Figura 3. Fotografia do poliéster após
purificação nos solventes: (A) álcool
isopropílico, (B) NMP e (C) hexano.
Em seguida, realizou-se mais duas sínteses (S3 e S4), em S3 utilizando como catalisador
2,0 g de ADBS, e em S4, 1,0 g de cloreto de estanho. Essa duas sínteses foram realizadas para
4
investigar como cada catalisador atua na reação separadamente, observando-se assim,
aspectos como: tempo de reação, aspecto do material obtido e características mecânicas do
material. Os tempos de reação foram respectivamente 20 e 35 h. O material obtido apresentou
aspecto borrachoso para o cloreto de estanho e aspecto de cera para o ADBS.
Na tentativa de diminuir o tempo de reação descrito em S2, foi realizada outra
síntese, S5 utilizando como catalisador SnCl2, pressão reduzida e unidade de refrigeração de
água a 15°C. O tempo de reação foi reduzido para 4 horas. Obteve-se um material bastante
borrachoso e transparente. A figura 4 mostra a fotografia do material obtido após
polimerização.
Figura 4: Fotografia das amostras obtidas em S5.
A figura 5 mostra fotografias dos poliésteres expostos à condições de temperatura
e umidade ambientes durante 30 dias. O material originalmente sólido borrachoso tornou-se
lentamente um líquido viscoso, indicando processo de degradação, provavelmente hidrólise
dos grupos ésteres.
Figura 5: Fotografias das amostras após exposição à condições de temperatura e umidade ambientes.
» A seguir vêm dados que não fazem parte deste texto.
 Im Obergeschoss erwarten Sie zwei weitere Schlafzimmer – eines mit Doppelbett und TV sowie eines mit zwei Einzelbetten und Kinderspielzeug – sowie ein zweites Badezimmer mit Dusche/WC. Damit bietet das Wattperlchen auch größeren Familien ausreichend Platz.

A Figura 6 mostra o espectro de infravermelho da amostra catalisada com ADBS/
SnCl2 na síntese descrita em S2. As bandas de absorção em 1734 e 1176 cm-1, atribuídos aos
grupos C=O e C—O de ésteres, confirmam a polimerização.
Figura 8: Espectro na região do Infravermelho do Poliéster.
Conclusões
5
Foram obtidos polímeros derivados da policondensação entre o glicerol e ácido
adípico. Baseando-se no alto tempo de reação, na temperatura elevada e nas poucas mudanças
macroscópicas observadas na síntese, concluiu-se que sem o uso de catalisador a
polimerização se torna muita lenta. O uso de pressão reduzida e da unidade de refrigeração de
água foi significativo para obtenção de polímeros com menor tempo de polimerização.
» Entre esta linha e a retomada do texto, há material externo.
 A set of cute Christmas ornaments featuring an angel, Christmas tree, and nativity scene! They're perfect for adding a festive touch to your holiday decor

Levando-se em consideração o tempo de reação e as características mecânicas dos polímeros
obtidos, o sistema descrito em S5, foi o que apresentou as melhores condições de sínteses.
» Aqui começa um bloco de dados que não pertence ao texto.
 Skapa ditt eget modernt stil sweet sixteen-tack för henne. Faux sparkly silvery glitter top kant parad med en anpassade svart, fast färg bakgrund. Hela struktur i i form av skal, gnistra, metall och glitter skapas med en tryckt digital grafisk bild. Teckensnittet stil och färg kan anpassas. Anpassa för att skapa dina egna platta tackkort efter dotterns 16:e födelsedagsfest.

Quanto aos testes de solubilidade é importante ressaltar o teste feito em água, a qual houve a
completa solubilização do material, não sendo possível recuperar o polímero após secagem do
solvente, indicando que ocorreu hidrólise ácida dos grupos ésteres. Essa hidrólise ácida do
polímero em sistema aquoso é particularmente interessante, do ponto de vista ambiental, pois
pode reduzir o tempo degradação do poliéster quando disposto no meio ambiente. Por fim, a
polimerização e formação do poliéster foi comprovada pela análise dos espectros de
infravermelho que apresentaram bandas características do grupo éster.